## PROBLEM DETAILS
Begin at the top of the records below and print each line exactly until the line containing "第45+1分钟,阿尔瓦雷斯助攻,巴埃纳左路兜射破门,马竞2-0贝蒂斯" has been printed; any pictures are to be left out.

## AVAILABLE DATA
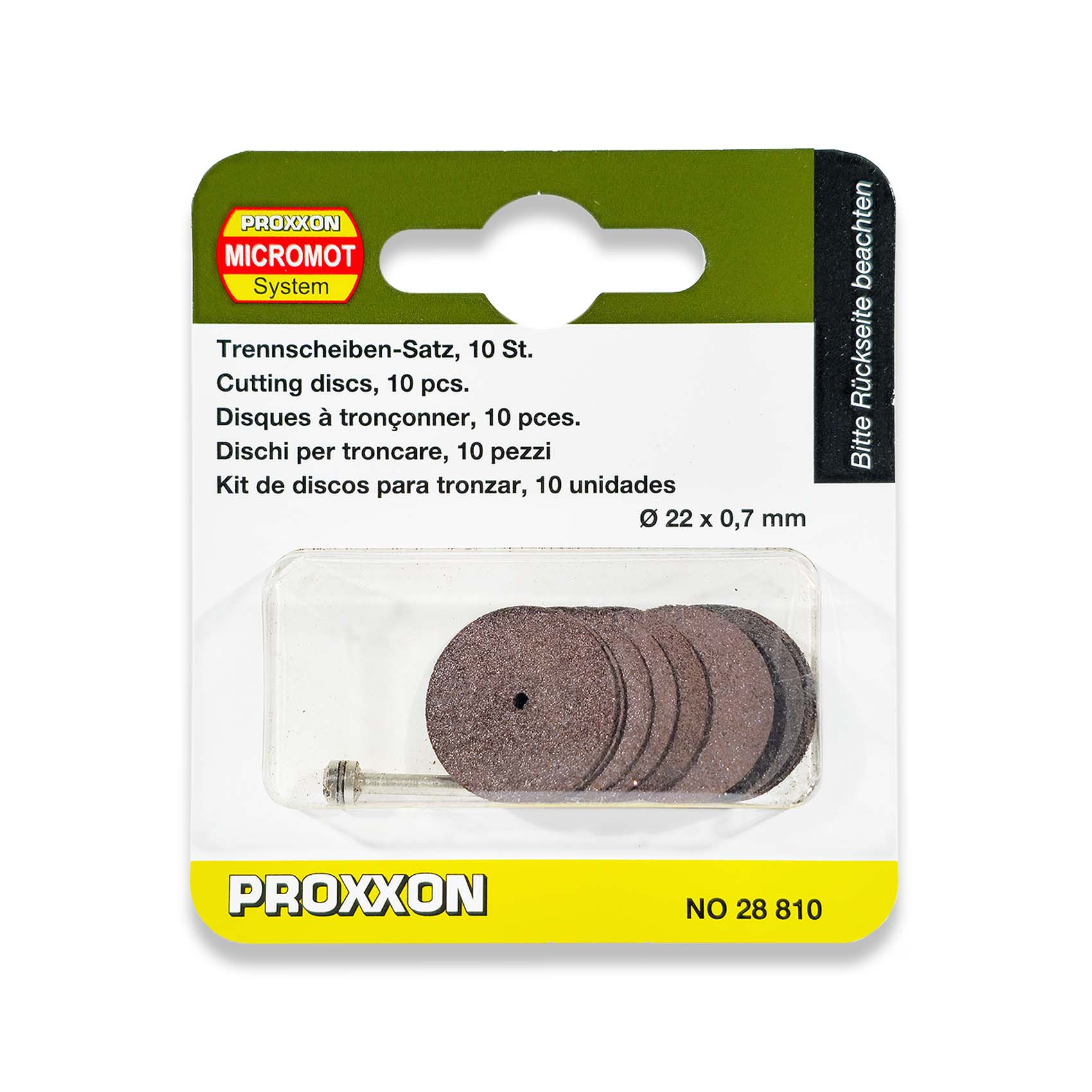 PROXXON Ø22MM CORUNDUM CUTTING DISC 10 PCS 28810 WITH ARBOR | USED TO PART ALLOYS AND METALS, STAINLESS STEELS AND NON-FERROUS METALS | MADE IN GERMANY
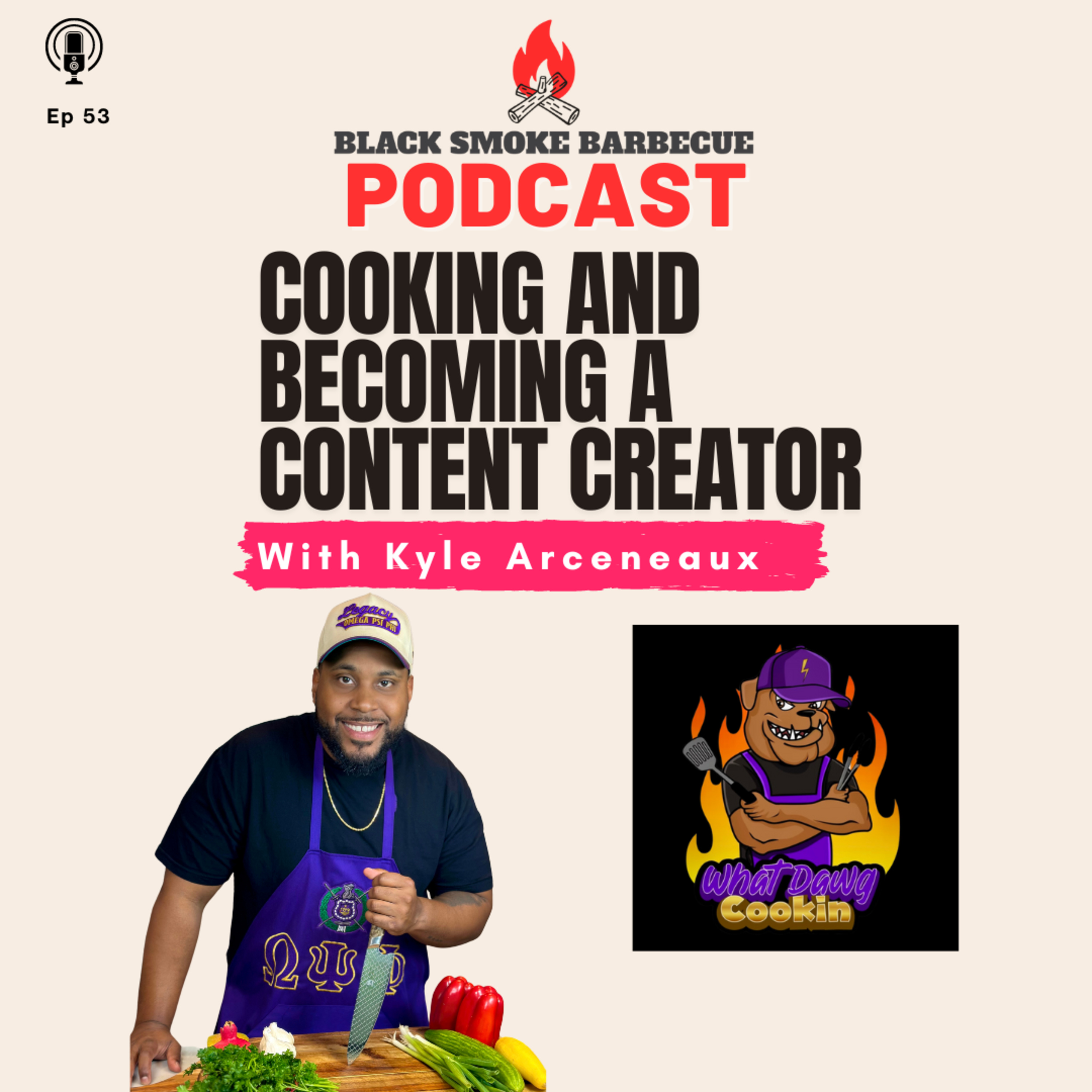 In this episode, Brandon, Charlie, Tee and Alton sit down with Kyle Arceneaux of What Dawg Cookin' as he shares his journey into cooking and his passion for bringing people together through food. He specializes in gumbo and shrimp and grits, incorporating the flavors of his Louisiana roots.
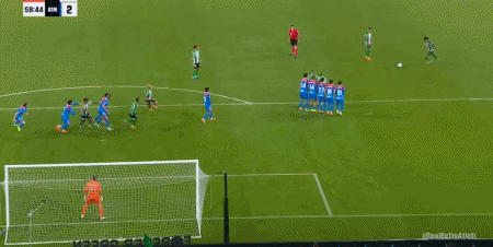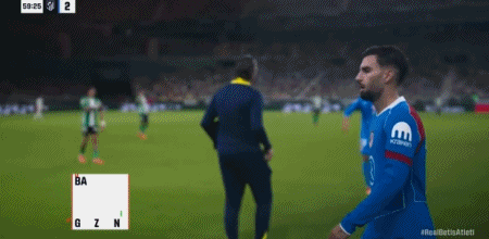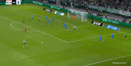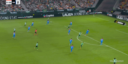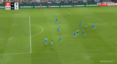 第45+1分钟,阿尔瓦雷斯助攻,巴埃纳左路兜射破门,马竞2-0贝蒂斯
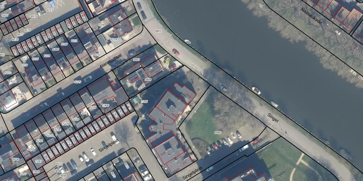Het perceel waarop Singelplein 24 staat heeft een oppervlakte van 1378 m². Dit is een zeer groot perceel. De perceeloppervlakte wordt geregistreerd door het Kadaster. Gedetailleerde informatie over de maten van dit perceel kunt u vinden in het rapport Kadastrale kaart met maatvoering van Singelplein 24.
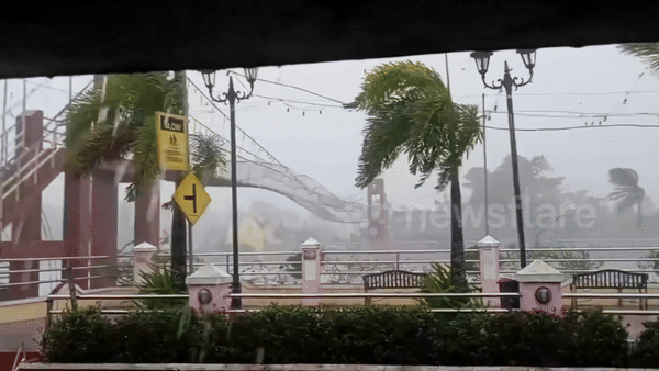 지역의 명물인 카말리간 현수교가 거센 비바람에 크게 흔들리는 영상이 포착됐다.
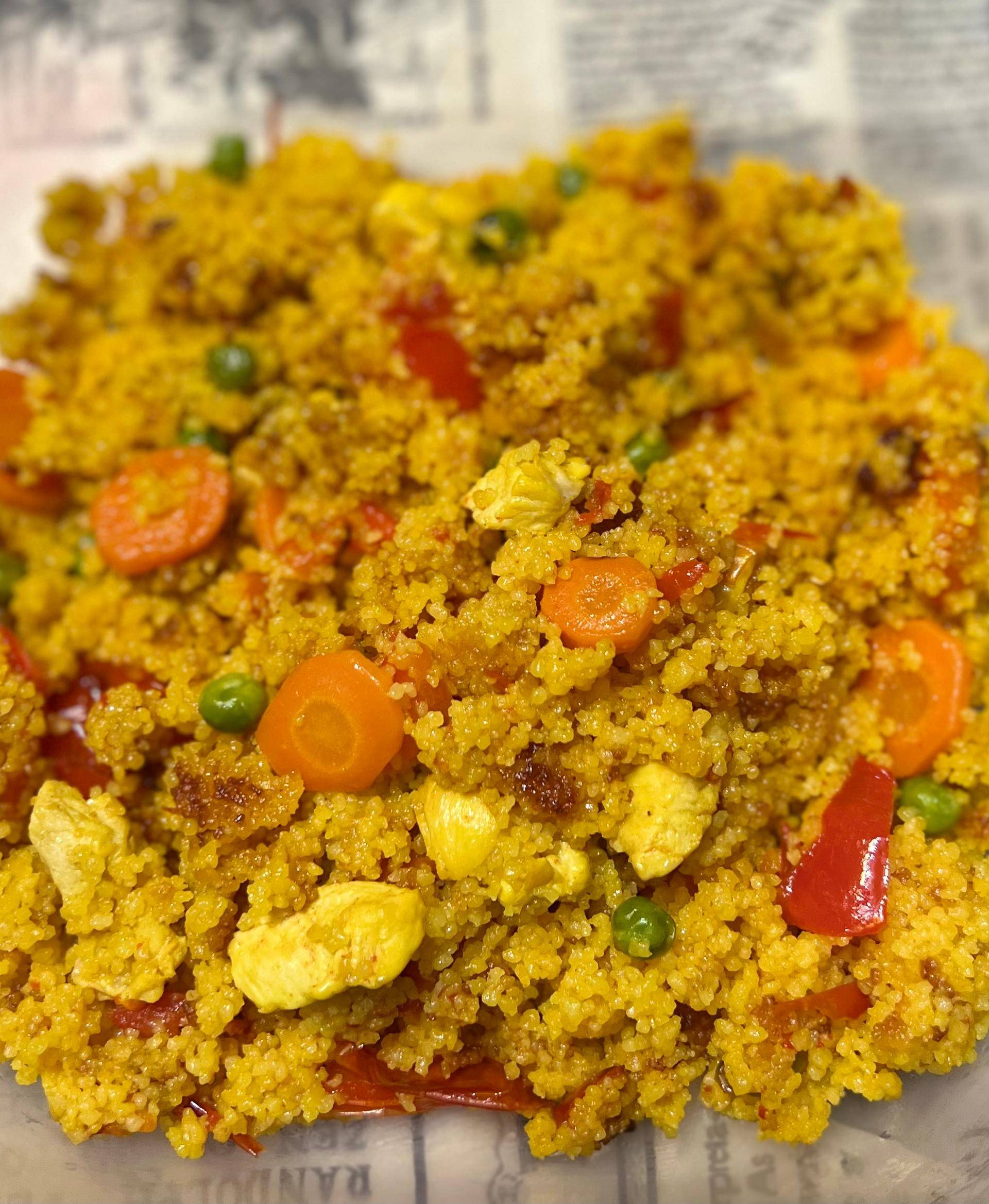 Taglia a dadini il pollo e L aglio e metti in pentola per rosolatura
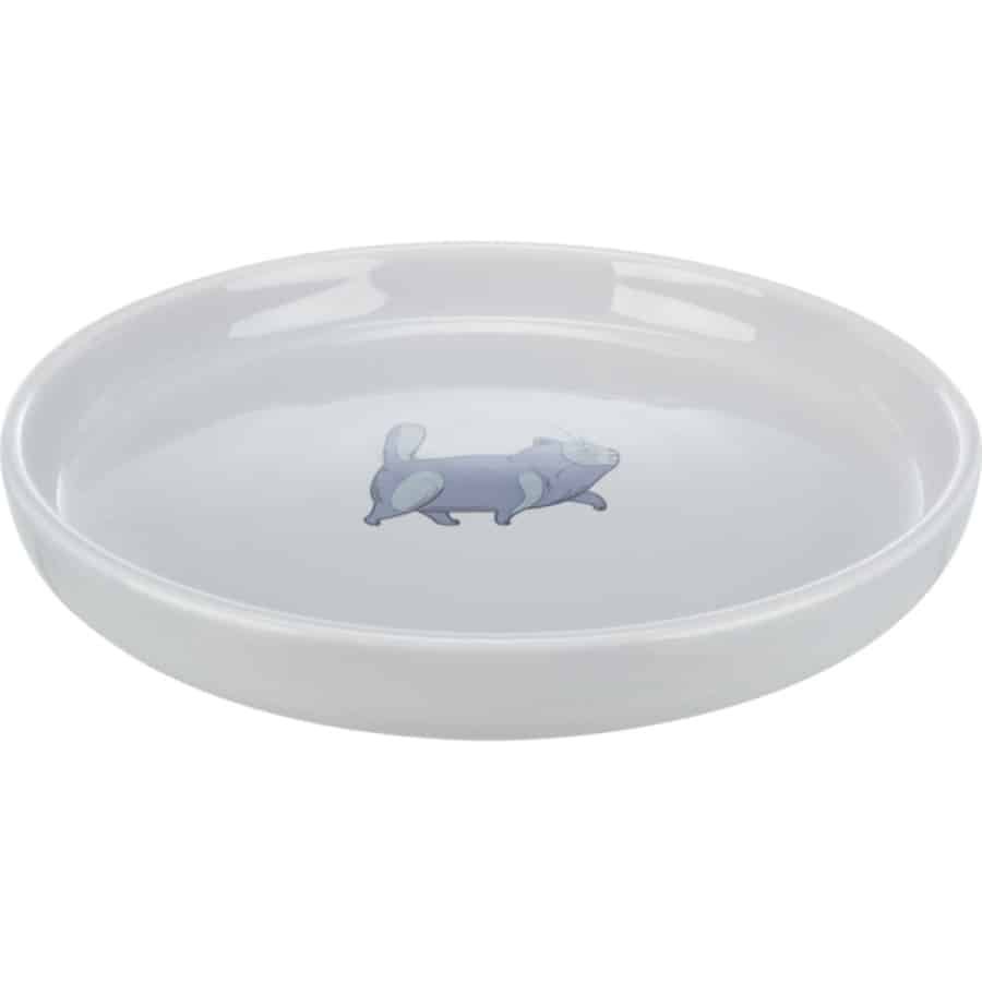 Πιάτο φαγητού και νερού για γάτες, από την Trixie, ιδανικό για βραχυκέφαλες φυλές με κοντή μουσούδα αλλά και για ανήλικες γάτες. Διαθέτει σχεδιασμό με χαμηλά τοιχώματα, ο οποίος αποτρέπει τη πίεση στην άκρη των μουστακιών της γάτας που μπορεί να της δημιουργήσει στρες. Είναι κεραμικό, ένα υλικό που το καθιστά πιο βαρύ ώστε να προσφέρει σταθερότητα και το κάνει να μην επηρεάζει τη γεύση του φαγητού και επίσης προστατεύει τη γάτας σας από την εμφάνιση ακμής στο πιγούνι της.
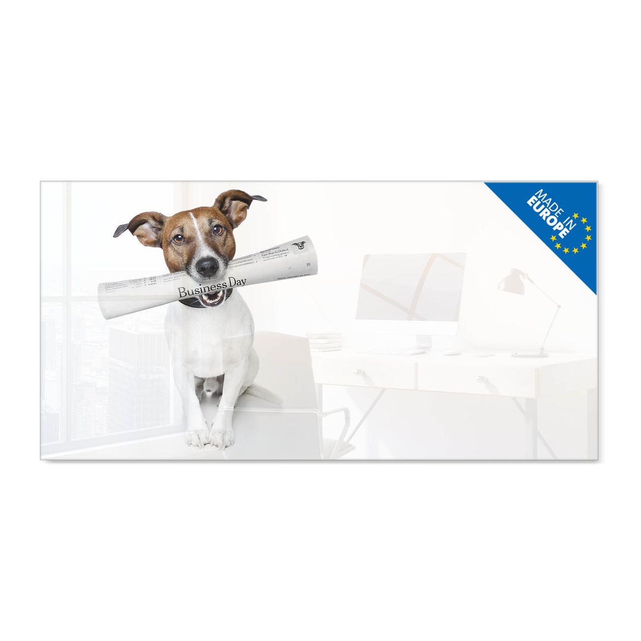 Material: 4mm Sicherheitsglas mit Metallrückwand Eigenschaften: beschreibbar, magnetisch, kratzfest Maße: 100x50x0,6cm, 7,50kg schwer Motiv Nummer 10329 Business Day Zubehör: inklusive 4 Neodym-Magnete
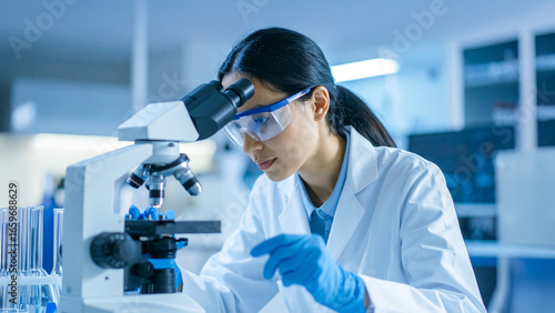 A scientist observing through a microscope in a laboratory. The scene captures the essence of scientific discovery and analysis.

## RESPONSE TO THIS EXERCISE
 PROXXON Ø22MM CORUNDUM CUTTING DISC 10 PCS 28810 WITH ARBOR | USED TO PART ALLOYS AND METALS, STAINLESS STEELS AND NON-FERROUS METALS | MADE IN GERMANY
 In this episode, Brandon, Charlie, Tee and Alton sit down with Kyle Arceneaux of What Dawg Cookin' as he shares his journey into cooking and his passion for bringing people together through food. He specializes in gumbo and shrimp and grits, incorporating the flavors of his Louisiana roots.
 第45+1分钟,阿尔瓦雷斯助攻,巴埃纳左路兜射破门,马竞2-0贝蒂斯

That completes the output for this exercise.